Moving beyond mere rhetoric, the reality is the absence of a robust performance management mechanism in the public sector. Today’s column is an attempt to shed light on this vital aspect towards national prosperity. 


Performance management as a concept is not uncommon to the Sri Lankan public service. How it is currently done is the question. In Sri Lanka, the measurement of an individual employee’s performance had been introduced through a public administration initiative way back in 1998. The objective was to link the granting of annual increments of public officers to a proper appraisal of work performed during the period considered for increment. The Government has adopted this as a policy ever since. 

The Sri Lanka Administrative Service (SLAS) Minute was amended in 2005, accommodating special provisions including opportunities to fast-track promotions for SLAS officers. The provisions enabled SLAS officers to sit for a promotion examination on the condition that they maintain “above average performance” consecutively for five years. This was an unprecedented major breakthrough which was recognised in policy by a specific salary circular. 

Despite the fast track, the method of conducting evaluations remained the same. However, the performance evaluation system did not get amended nor did the measurement system. Thus, the new policy demand and the old appraisal system became an obvious misfit resulting in many deadlocks 

Management for development results 

Amidst the growing dissatisfaction toward the existing performance evaluation, the need for an overall conceptual framework to relate the individual performance was also identified. Management for Development Results (MfDR) tested and proven in many public circles around the globe was seen as a suitable approach. 

Figure 1 contains the basic details of MfDR framework. It moves from short term to long term and also from activities, outputs and outcomes.

MfDR focuses on development performance and on sustainable improvements at the country level.
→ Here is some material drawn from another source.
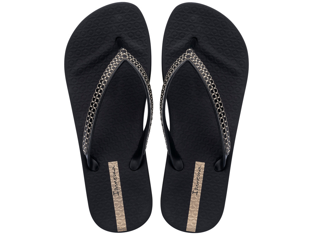 Ipanema női papucs, fekete színben, speciális, rugalmas és tartós műanyagból, vastagabb dombornyomott talppal, pántján fém hatású festett díszítéssel, talpán nyomott márkajelzéssel.
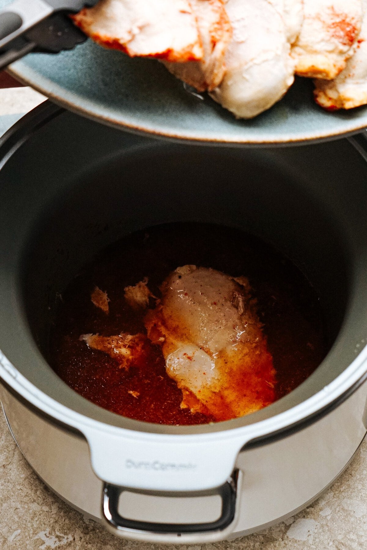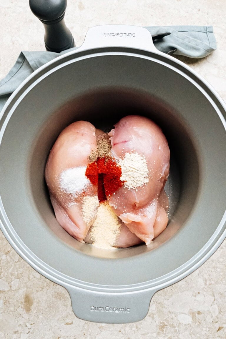 - Chicken broth – Keeps the chicken moist while adding richness. Water can work, but chicken broth gives the best results.

It also includes practical tools for strategic planning, risk management, progress monitoring and outcome evaluation. 

In essence the perspective of impact or result is the central focus. In simple terms, for a desired result to be generated there should be an outcome. For the desired outcome there should be outputs. For desired outputs to appear there should be a series of activities that need to be done. 

Linking development to performance  

Ministries and departments are supposed to develop a vision, mission, strategies, goals and action plans. Departments in particular have a mandate established by acts in Parliament. Accordingly, their respective reasons for being present are well articulated. In essence, the outcomes that they want to produce and the impacts are self-evident in their vision and mission statements. 
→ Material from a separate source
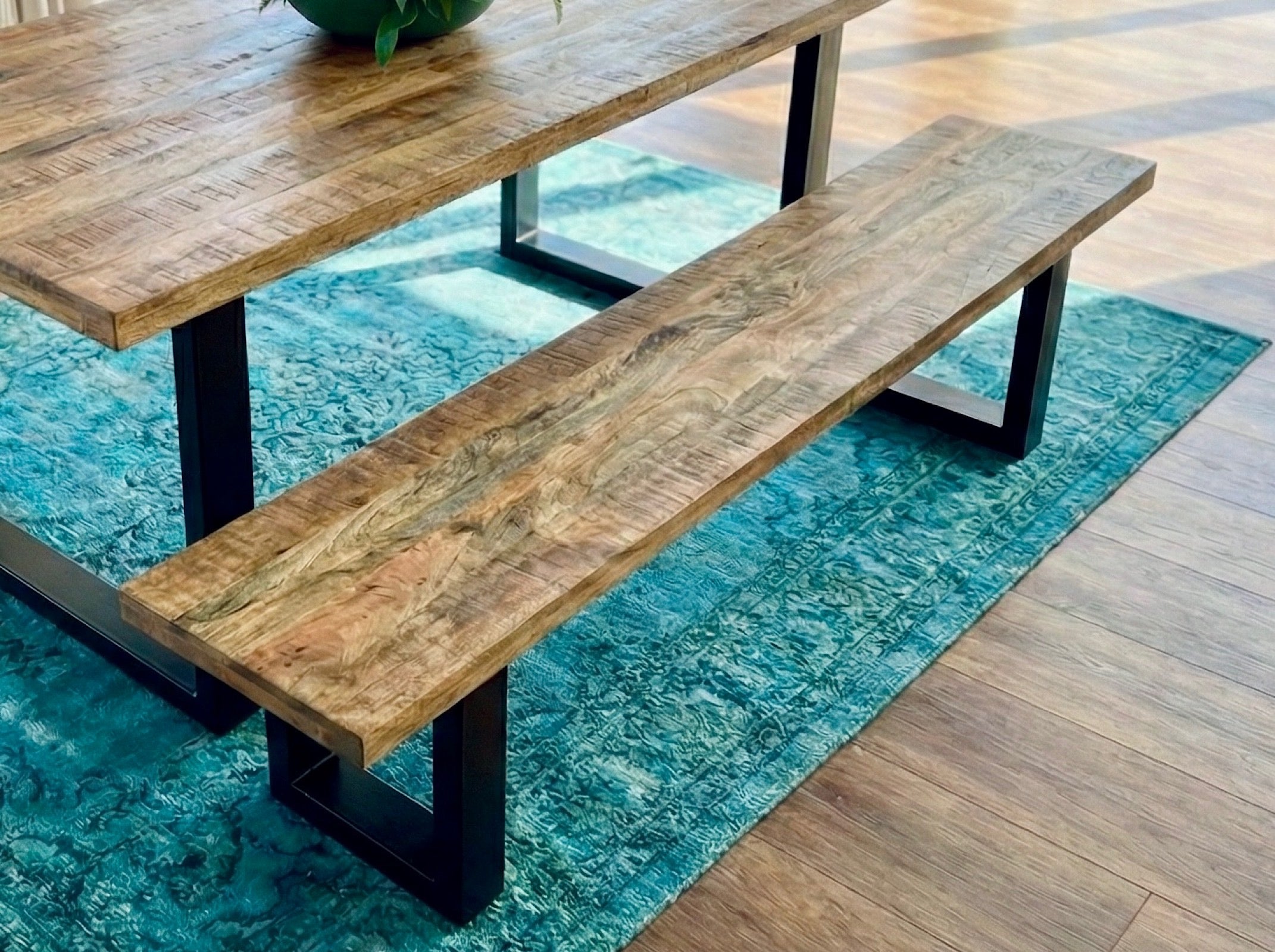 • Matériaux: Bois de manguier laminé, pattes robustes en métal

Under the prescriptions of the General Treasury, each government institution submits its corporate plans each year. Accordingly, their outputs towards achieving the outcomes are made clear.     

The rationale for such a line of thinking to link MfDR with Individual Performance is that the impacts that departments desire to create should pass down from the institutional level to the interactive team level and then to the individual level, which in turn produce results from the individual level to spill over to the interactive team level and institutional level respectively. It in fact links individual, division, department, ministerial and policy levels sequentially. 
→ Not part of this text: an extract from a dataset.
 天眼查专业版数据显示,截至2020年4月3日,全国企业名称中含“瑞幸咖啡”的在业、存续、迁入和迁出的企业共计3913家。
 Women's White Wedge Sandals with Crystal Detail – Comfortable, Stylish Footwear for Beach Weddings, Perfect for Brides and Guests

The flow from the individual performance leads to Divisional Management Plans and to Strategic Departmental Plans which can be linked to results-based budgets as well. In essence the broader policy objectives will be achieved if the individual level performance is correctly agreed to by the individuals and performed within a stipulated time.

KRAs, KPIs and KBIs

The new performance evaluation should focus on two key aspects, tasks and competencies. Tasks involve Key Result Areas (KRAs) and associated Key Performance Indicators (KPIs). Competencies involve Key Behavioral Indicators (KBIs). The intention here is not to go into details but to highlight the novelty and necessity of the approach.  

Identification of KPIs will rely on the key results that an institution is deemed by the very establishment of the particular institution. In other words, its mandate articulated in respective acts or other legislative enactments. Once the key result areas are agreed on at the strategic level, the key divisional objectives will be made clear and those will be mentioned in the first page of the performance plan as a measure to keep the rest of the document in check. 

Key Performance Areas will be derived from the divisional objectives spelt out in each performance plan. Derivation of tasks, which can range from one to many, will then depend on the key performance areas that have already been identified.   

KBIs on the other hand refer to the broad aspect of competencies. According to Gary Hamel and C.K. Prahlad, “core competencies are the collective learning in the organisation, especially how to coordinate diverse production skills and integrate multiple streams of technologies.”  

In the public sector the demanded set of skills may vary from being generic to specific: on the whole an individual might need to master a set of skills that are generic but when it is referred to a position like a Divisional Secretary, soft skills like public relations would be pivotal. 

Just like the need to master the skills, the need to check on the employees building their competencies and how they showcase their required skills in their respective performance can only be measured by putting what the key behavioral indicators are up on the board.   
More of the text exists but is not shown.